Long ints in Fortran

Question

I'm trying to work with large numbers (~10^14), and I need to be able to store them and iterate over loops of that length, i.e.

n=SOME_BIG_NUMBER
do i=n,1,-1

I've tried the usual star notation, kind=8 etc. but nothing seems to work. Then I checked the huge intrinsic function, and the code:

program inttest

print *,huge(1)
print *,huge(2)
print *,huge(4)
print *,huge(8)
print *,huge(16)
print *,huge(32)

end program inttest

produces the number 2147483647 in all cases. Why is this? I'm using gfortran (f95) on a 64-bit machine.

If I'm going to need a bignum library, which one do people suggest?

Answer 1

The gfortran versions that I use, 4.3, 4.4 and 4.5 on a Mac, support 8-byte integers. The best way to select a variable type in Fortran >= 90 is to use an intrinsic function to specify the precision that you need. Try:

integer, parameter :: LargeInt_K = selected_int_kind (18)
integer (kind=LargeInt_K) :: i, n

to obtain at least 18 decimal digits, which will typically be a 8-byte integer.

With gfortran 4.3, huge (1_LargeInt_K) outputs 9223372036854775807. When you wrote huge (1), etc., by default the constant was a default integer, here evidently 4-bytes since huge returned 2147483647. So sometimes you need to specify the precision of constants, not just variables -- more commonly this trips people up when they lose significant figures on a real constant, which defaults to single precision.

Also see Fortran: integer*4 vs integer(4) vs integer(kind=4)

Usually gfortran has the command name gfortran. Could f95 be a different compiler? Try "gfortran -v" and "f95 -v".

Answer 2

You've misunderstood the precise definition of the HUGE function. HUGE(num) returns the largest number with the same kind and type as num. The value returned also has the same kind and type as num. Since all your input values are (default) integers HUGE, correctly, returns the largest default-size integer.

HUGE(num) does not return the largest integer with kind=num. Nor does HUGE(num) return the largest number representable in num bytes. While many compilers use integer(kind=4) and integer(kind=8) etc for 4- and 8-byte integers, this is not guaranteed by the language standard and cannot be relied upon to be portable.

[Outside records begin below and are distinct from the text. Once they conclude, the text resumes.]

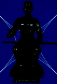
พระพุทธรชินราช(องค์คัมแบง) หน้าตัก ๕.๙ นิ้ว จำนวนการจกสร้าง ๑,๔๑๐ องค์ สั่งขององค์ละ ๗,๙๙๙ บาท
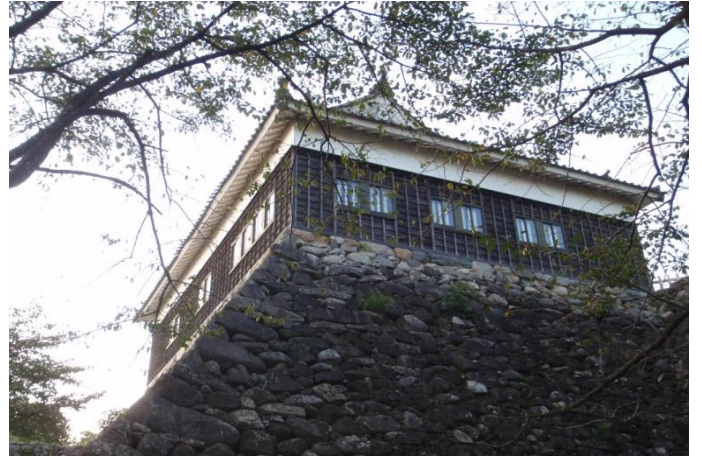
《 旧外観 》
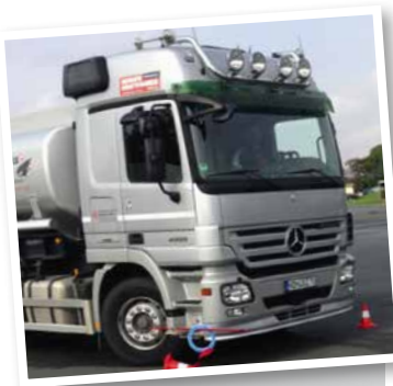
Behendigheid werd gevraagd!

Ringsteken; hier moesten de chauffeurs via een op de bumper bevestigde bezemsteel zoveel mogelijk ringen zien op te pakken die op pylons bevestigd waren.
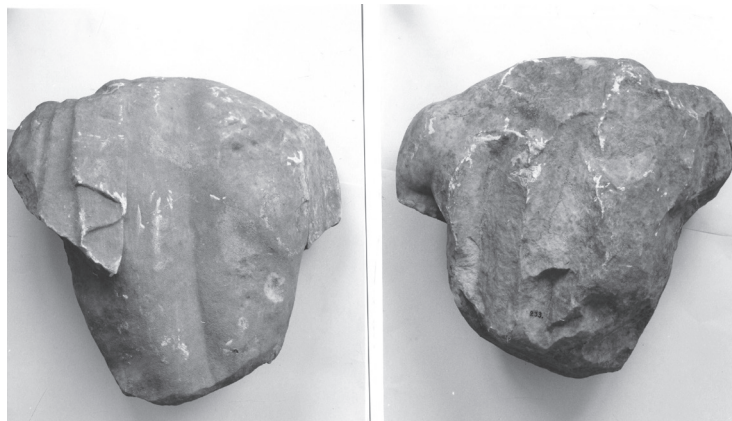
Εικ. 5-6. Ο κορμός του ιππέα.

@MSB's answer tells you how to do what you want, I'm just butting in with some clarification.

Answer 3

Summary: Consider looking at compiler options.

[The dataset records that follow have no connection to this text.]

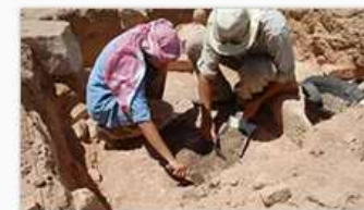
考古学不可告人的小秘密 具体日期待定
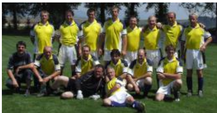
• „Starí páni“ Závažná Poruba. Na turnaji si zahráli proti sebe.
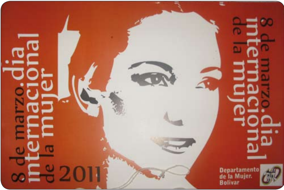
Afiche del Día de la Mujer CUT.
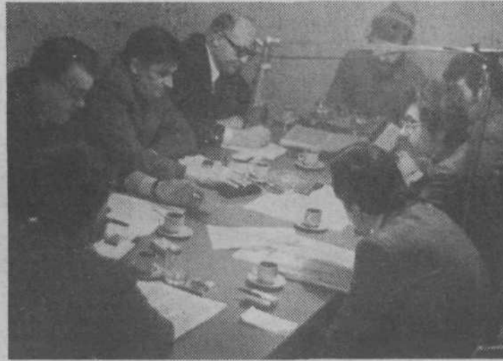
Pogovor „za okroglo mizo“ o uveljavljanju delegatskega sistema

čujejo v širši družbeni interes. Ugotavljamo tudi, da delegati v zboru združenega dela ne izkoristajo vseh možnosti. Zato bi v prvi vrsti morali priti do tega, da bi bile konference delegacij med sestavljenci dnevnih redov za skupščinske seje.

It's been a l-o-n-g time since I've done FORTRAN, and I don't remember using HUGE(), but I looked at this a little. My Intel Linux machine has gfortran 4.1.2. I found I had to compile with the -fdefault-integer-8 option turned on to make it work for 64 bit integers. Specifically, with this code:

      program inttest
      print *, huge(1)
      end program inttest

running

$ gfortran inttest.for

created an executable which printed:

2147483647

However, running:

$ gfortran -fdefault-integer-8 inttest.for

resulted in an executable which gave the output:

9223372036854775807

Also, when I declared a variable as integer*8 and compiled without the -fdefault-integer-8 option, I got an error. The code:

  program inttest2
  integer*8  test_int
  test_int = 9223372036854775807
  print *, test_int
  end program inttest2

running

$ gfortran inttest2.for

resulted in

In file inttest.for:4

  test_int = 9223372036854775807  
                               1 

Error: Integer too big for its kind at (1)

However, things worked fine when I compiled with the -fdefault-integer-8 option and I got an executable which printed

9223372036854775807

Maybe there are other gfortran options which would be useful, but I didn't investigate further.

Granted, this still doesn't get you 10^14, but it may help explain the results you saw.